Wednesday, January 15, 2014

Who is Karen?

Karen is the main character in my latest novel. The story is written from her point of view. Since this blog is intended to encourage others to write, I thought it might be helpful to share with you the process I used to come to “know” Karen.

I wanted Karen to be of an age where she would have a mother old enough to be going through the kind of dementia I intend to take her through in the story. Don’t misunderstand. I know dementia has no age boundaries and can happen to people who are younger than Karen’s mother, but statistics reveal (yep, they’re out there) that the aging process brings with it more likelihood of dementia.

I decided Karen’s mother was seventy-four. Initially I had her at sixty-nine –too young to have to go through this but old enough for it to be possible. When I gave Karen siblings, I bumped Granny’s age up a bit, and then to make her next birthday (which takes place during the story) a big deal, I decided on seventy-four. I haven’t told the rest of my characters yet, but I think they’re planning a big celebration for her seventy-fifth.

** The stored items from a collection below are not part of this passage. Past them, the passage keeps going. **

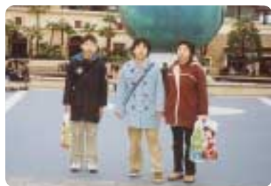
私を追いこしてしまいました。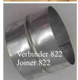
Verbinder 822 Joiner 822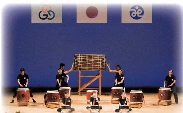
迫力満点！オープニングは中ノ庄虫送り太鼓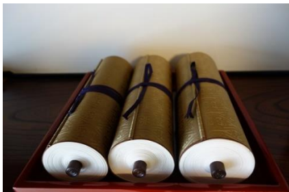
巻物にされたご納経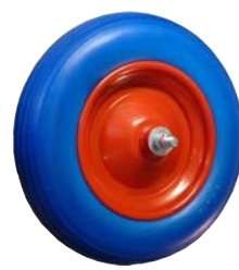
Ruota in poliuretano optional

1) Ruota a disco pneumatica (350x80 mm) con perno da 170 mm: Euro 16,50 cad. (Made in Italy)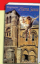
Libro-Guía de Tierra Santa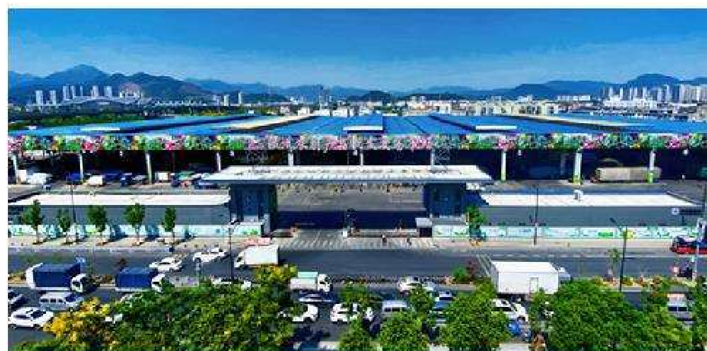
温州菜篮子农副产品批发交易市场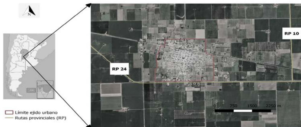
Figure 1. Location of Adelia María, Córdoba, Argentina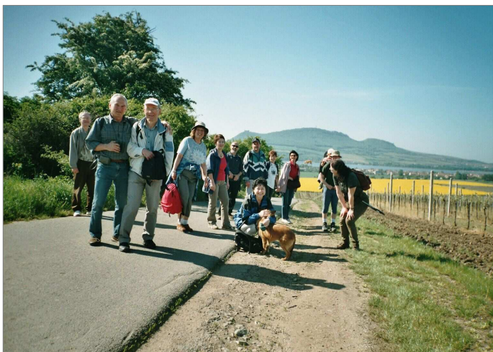
Účastníci na pozadí s Pálavou

After considerable thought, I made Karen the middle child. That will be helpful I’ll be able to help my readers understand her through some of the interactions she has with her siblings.

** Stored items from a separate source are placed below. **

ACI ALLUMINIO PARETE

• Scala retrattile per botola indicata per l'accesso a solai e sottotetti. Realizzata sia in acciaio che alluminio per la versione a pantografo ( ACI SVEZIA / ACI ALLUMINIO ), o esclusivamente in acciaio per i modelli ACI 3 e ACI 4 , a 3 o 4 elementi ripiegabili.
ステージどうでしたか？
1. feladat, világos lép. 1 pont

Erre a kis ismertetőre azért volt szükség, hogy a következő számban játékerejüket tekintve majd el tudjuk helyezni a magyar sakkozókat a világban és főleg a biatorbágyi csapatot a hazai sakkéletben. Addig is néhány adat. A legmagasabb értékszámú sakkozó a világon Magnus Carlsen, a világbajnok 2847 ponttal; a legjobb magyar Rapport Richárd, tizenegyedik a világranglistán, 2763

I placed Karen at fifty. I have a few things in mind for her now that she’s reached the big 5-0. I also knew I wanted Karen and her hubby, Bill, to have a son who still lives at home. They only have the one child. Sorry, Karen. I know you wanted more, but this turns out to be a good thing for me since I can’t handle too many family members on the page at the same time.

How old was she when she had her son? How old is her son? He could be young and full of energy or perhaps he’s a teenager with plans of his own. I’ve lived through those years. Is there a story here? She could have had a previous marriage with no children. She and Bill could have married later or put off having children until their careers were in place.

Mrs. Davis
 Assistant Principal
After much thought, I made her son eighteen-years-old. She was thirty-two when he was born. And yes, there is a story. Karen and Bill tried for three years to have a child. After several emotionally draining miscarriages, they gave up. Then six years later, Matthew William Davis, their miracle child was born.

I already know Karen is going to wrestle with issues surrounding care for her mother. It’s the crux of my story. Initially, I gave Karen a job as the administrative assistant at a local elementary school. The benefits were pretty good, but it was a job she could take or leave without much thought. So I promoted her. I decided instead, she had been a teacher and is now an assistant principal. She has ideas. Plans. She loves her work. A couple of principals in her school district are retiring this next year. Karen has high hopes to be named as Northbridge’s building Principal for the forthcoming year.

I know quite a bit about Karen. I know where she went to college, how she met her husband, her favorite foods, what she likes to do in her free time, and where she goes to church. Is all of this in the story? No. But it could show up. I put all of it on the excel spreadsheet so I can keep my facts straight. Can I change it? Of course. 

How do you create your characters? What do you need to keep in mind as you write your own story?